Caskey said voters must cast ballots in the county where they are registered. If a voter moves within a county but votes at the polling place for their old address, their vote in statewide races should count.

While workers checked the provisional ballots, Newby pointed to a long table that already had stacks of provisional ballots, sorted by various categories of reasons to review them.

He said he hoped his employees’ review would be finished by Friday evening. He then will personally review every provisional ballot envelope before Thursday and present a summary of those findings to the Board of Canvassers.

“I have a cover sheet that specifically tells them categories and I cite the law on that cover sheet,” Newby explained. “What’s the law that says this counts or doesn’t count? I read the law to them.”

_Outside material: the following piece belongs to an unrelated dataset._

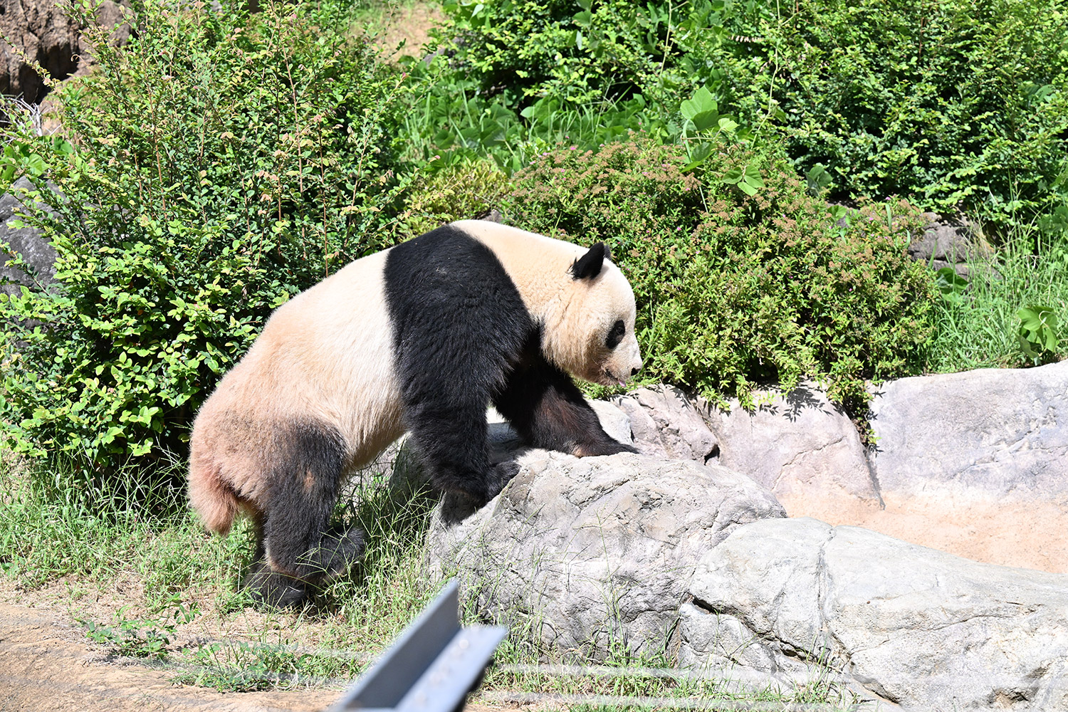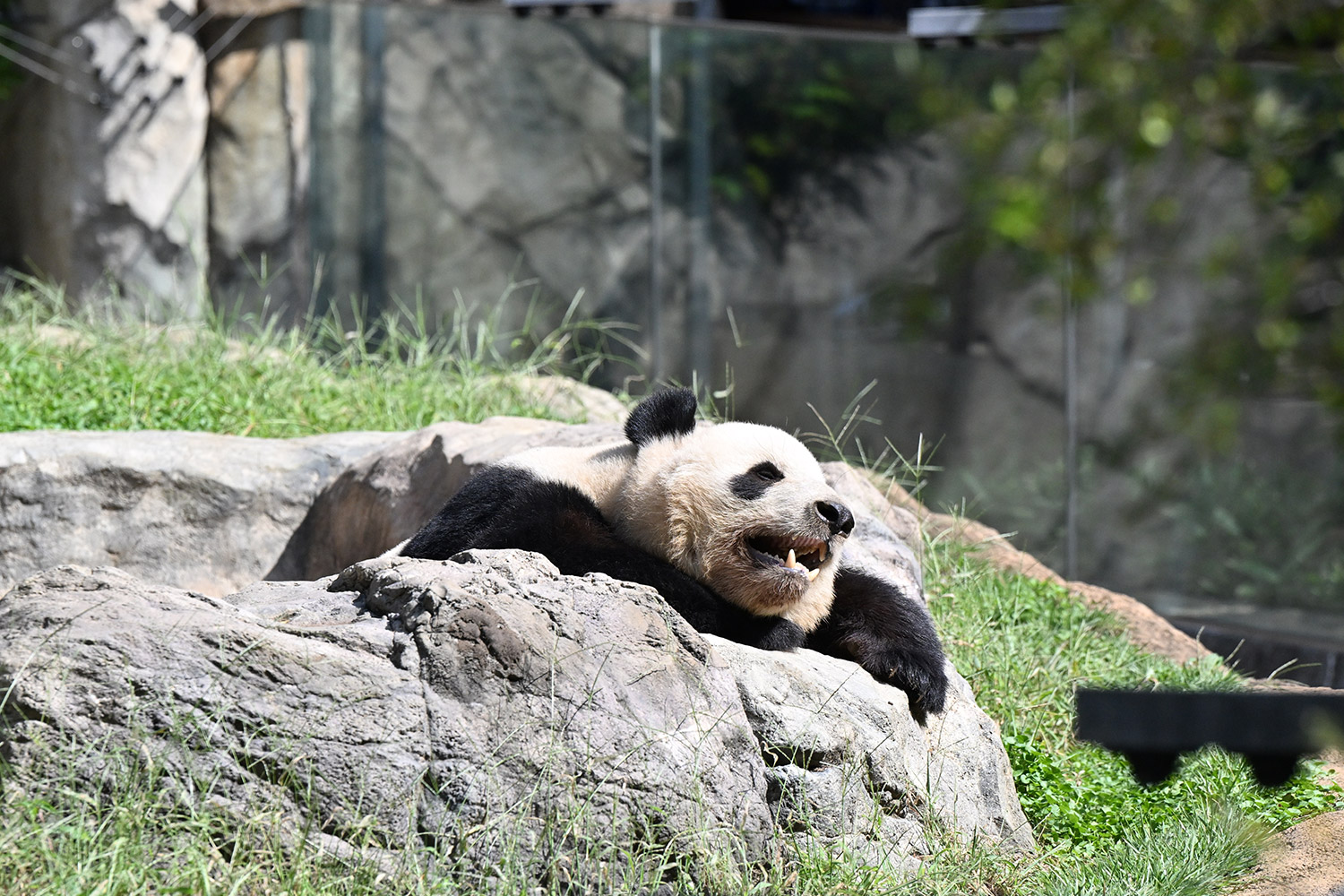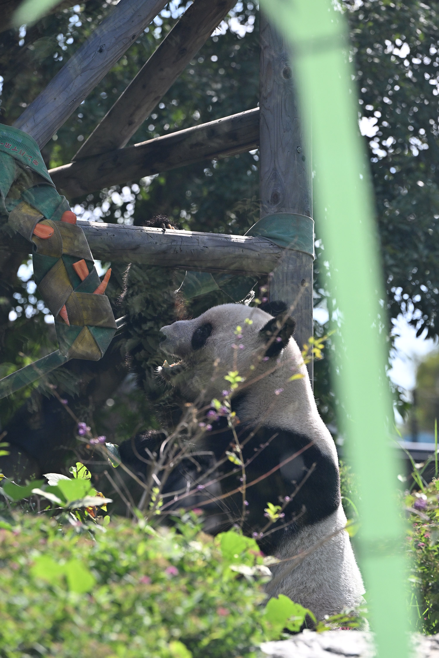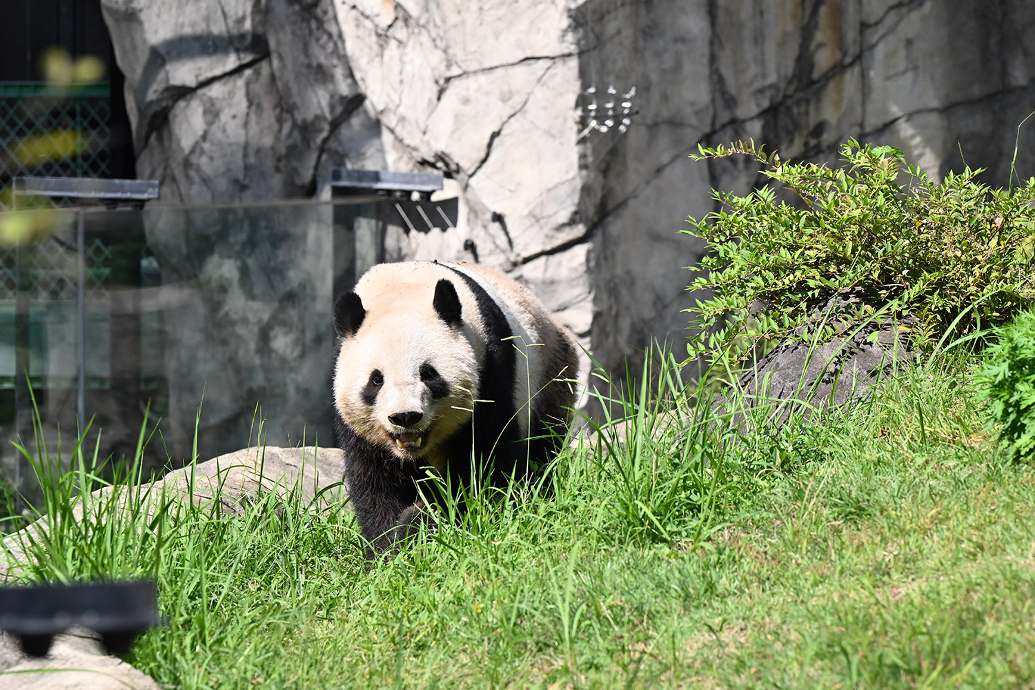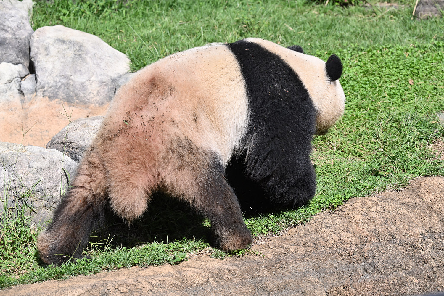 今日のパンダは10:00からです。今日も日差しはやや強めでしたが気温は控えめだったので2頭ともお外でした。

Newby said the Board of Canvassers has the final say, and they don’t just rubber stamp what he tells them. They ask questions and determine which votes get counted for each candidate.

The canvassing process statewide will continue through Aug. 20, which could keep the results in doubt until nearly two weeks after Election Day. The deadline to certify the statewide results is Aug. 31, but that could be complicated if the counting process prompts legal fights.

“We’ve never had something like this in a governor’s race,” said Kelly Arnold, the Kansas Republican Party chair.

‘Lot of unknowns’

The provisional ballot numbers published on the secretary of state’s website are not broken up by party. Many of the ballots cast could be from Democratic voters and have no impact on the race between Colyer and Kobach.

“Typically, provisional ballots tend to break toward Democrats,” said Michael McDonald, a political scientist at the University of Florida. “Out of the Republican ones, I really don’t know. You might make some inference proportions might be related, but I think even that’s iffy because we just don’t know how these people would be voting.”

McDonald served as an expert witness on behalf of the American Civil Liberties Union when the organization successfully sued Kobach’s office to strike down a Kansas voting restriction in federal court earlier this year. He runs the United States Elections Project, a website that features statistical analysis of elections.

“I think there’s still a possibility that the vote could flip and there’s also the possibility during the canvassing that there’s other errors,” he said. “There’s a lot of unknowns here at this point. … All things equal, I’d rather be the candidate leading than trailing, but there’s no guarantee that Kobach will win this thing.”

Mark Lindeman, who teaches analysis of political data at Columbia University, said in an email that provisional ballots “often are cast by people who move a lot, which puts them at greater risk of registration problems; their political preferences tend to differ somewhat from other voters. In partisan elections, provisional ballots often are disproportionately Democratic.”

Rep. Ed Trimmer, a Winfield Democrat, also said that provisional ballots tend to favor Democratic candidates in general elections, which makes it difficult to predict their impact in a Republican primary.

“The provisional ballots, I think, tend to be for Democrats or moderate Republicans, who are less sticklers for the rules,” he said, based on his experience as a candidate. “My guess is it might favor Colyer, but I can’t say for sure.”

Down-ballot experiences

Trimmer has seen his races come down to provisional ballots twice, in 2012 and 2014.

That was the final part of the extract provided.